There seems to be a lot of chatter around Microsoft's purchase of Yammer. There is clearly much to talk about here especially what it means for the addictive business narcotic known as SharePoint. This topic is not that interesting to me as I find this acquisition to be one more step towards the inevitable demise of licensed application software for businesses.

Jobs Was Not Known For Being Nice

There are a couple of more subtle points to consider when one tries to discern what this acquisition says about Microsoft's core ability to develop new products and services that consumers and businesses will pay for. In the closing pages of Jobs' biography Jobs referred to Microsoft as "mostly irrelevant" and I would argue that this acquisition furthers that argument.

To fully understand what Jobs meant by this comment, one can look at Tim Cook's comment last month regarding how Facebook was the company most like Apple. On one side, you have companies like Apple and Facebook. These companies think in terms of conceptual wholes.

When Facebook first came out, it was (and still remains) fairly hard to describe. Facebook basically invented a product category and constantly grounds its decisions in the product ecosystem first. Questions related to revenue are secondary to this. Questions related to details are secondary. The qualitative experience reigns supreme over all. Revenue at Facebook is almost treated as a byproduct of making something awesome and compelling.

Well Done Is Better Than Well Said

This overriding philosophy has other symptoms as well. When Facebook acquires a company, the coverage is significantly different. There isn't a horde of commentators talking in depth about what the acquisition means for the offerings. Whether it is photo sharing with Instagram, checkins and social discovery with Gowalla and Glancee, or most recently facial recognition with Face.com, how the acquisitions fit into the overall vision and product set is clear to most everyone.

There is an interesting paradox here in that while Facebook's offering my be hard to describe without using self referential terminology, it is actually well-understood. Microsoft and SharePoint on the other hand are fairly easy to describe but defy significant understanding at the macro level. Microsoft is hard to grok.

Both Microsoft and SharePoint are an agglomeration of parts, and Yammer is yet another discrete part that will be jammed in that overstuffed 20 pound bag along with the the 25 pounds of stuff already there. This is what Jobs meant. 

"Taco Garden" Or "The Olive Bell"?

Microsoft doesn't really seem to be interested in creating categories. Microsoft is more interested in accumulation and atomistic addition. Clearly both Facebook and Apple acquire companies and add their products and services into their mix.

Learning Opportunities

The difference is that these acquisitions seem to go together naturally like adding peanut-butter to chocolate where Microsoft's acquisitions seem more like adding pizza to tacos. Don't get me wrong. I like pizza and I like tacos. It's just that seeing them on the same dinner table is a little confusing and leaves someone kind of wondering exactly how they will go together.

I will admit that Microsoft has done some original things in recent times like the Kinect and the new Windows Metro phone interface. I still challenge anyone to claim that this is representative of who Microsoft is. Microsoft is primarily a business first and foremost. They just happen to express it in software products, game platforms and services. Apple and Facebook are more like creators who just happen to run a business.

Defense Wins, But It Isn't Pretty

None of this means that Yammer was a bad acquisition. This sort of acquisition is shrewd, fairly obvious and in the grand scheme, inevitable for Microsoft if it wants to compete for market share as CTOs and CIOs alike strive to get the SharePoint monkey off their back with cloud-based substitutes like Jive, Chatter, a future Google offering and ever ominous corporate Facebook. This acquisition is primarily a defensive play and may someday provide a reasonably good path for SharePoint and other Microsoft products to integrate into some form of cloud-based future.

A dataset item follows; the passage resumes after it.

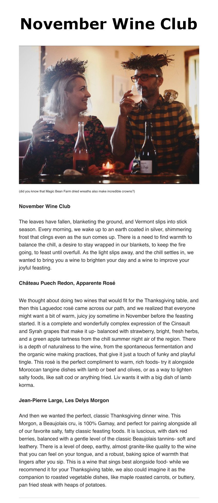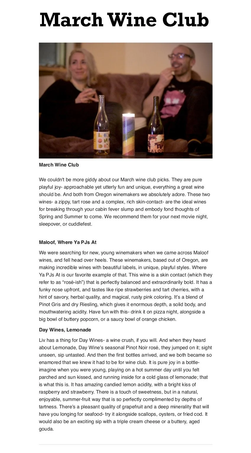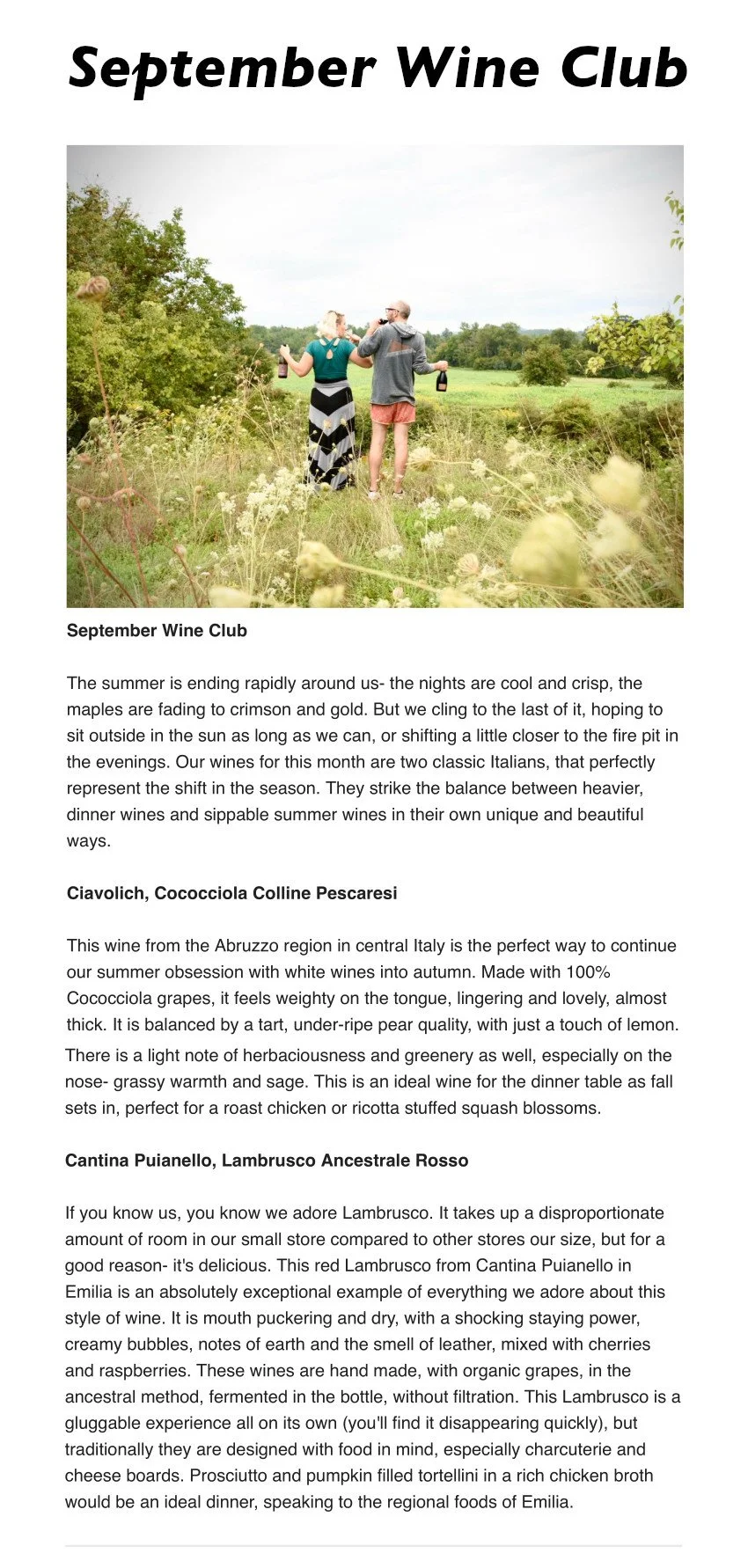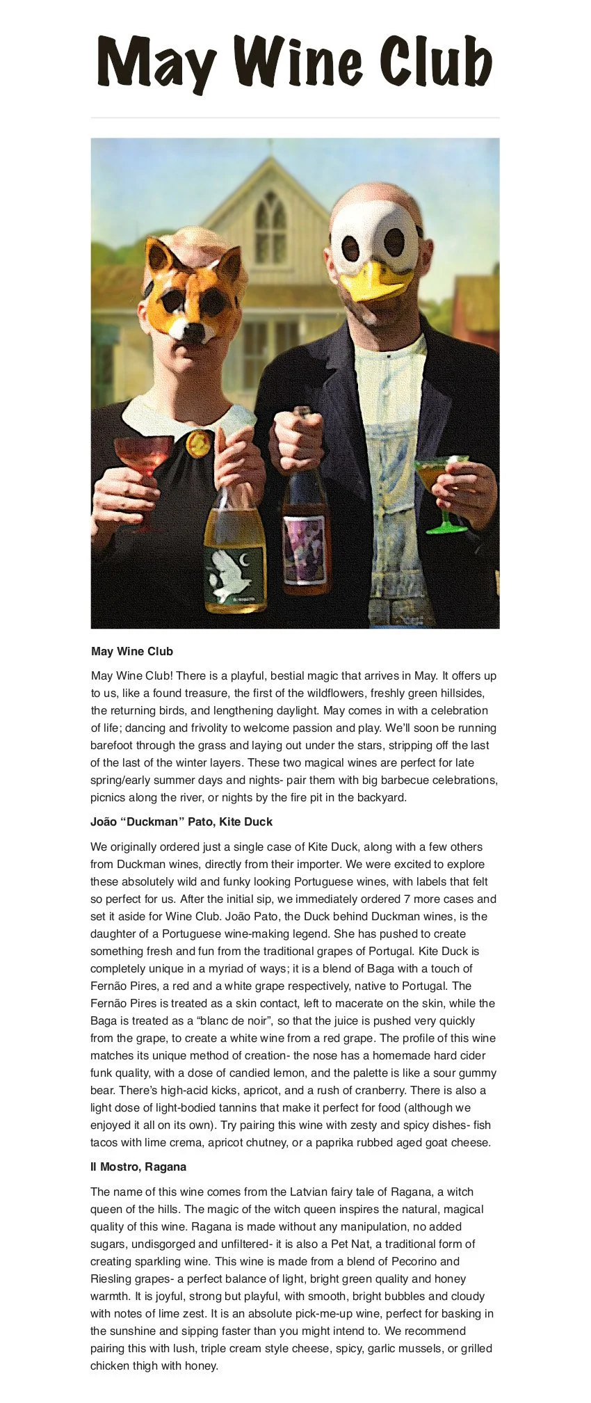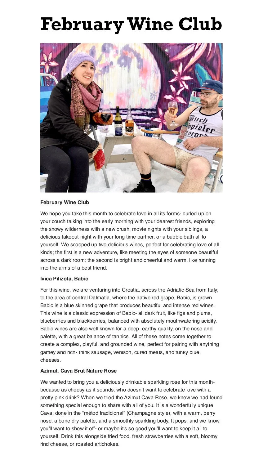 Fox Market Wine Club is a great way people can help support Fox, learn about new wines and enjoy great natural wine. For $40 a month, you will receive two bottles of wine worth at least $40 and 10% off all wines at the market.

The really fun question for me is to see if Microsoft can make its Surface tablet a success. It clearly is an imitator and it remains to be seen if it can go toe-to-toe with Apple's iPad. The keyboard as a cover trick and the kickstand are slick and clever both from a design and marketing perspective but I am not sold that these gadgety add-ons would cause me to switch. I own both a kindle fire and an iPad. I have no intention of buying a Google branded tablet, but I admit, I would like to play with the Metro interface even though it has broken a cardinal rule of usability by adding multiple modes of operation. This does however highlight a good thing Microsoft has done: they have made people want to play with them again.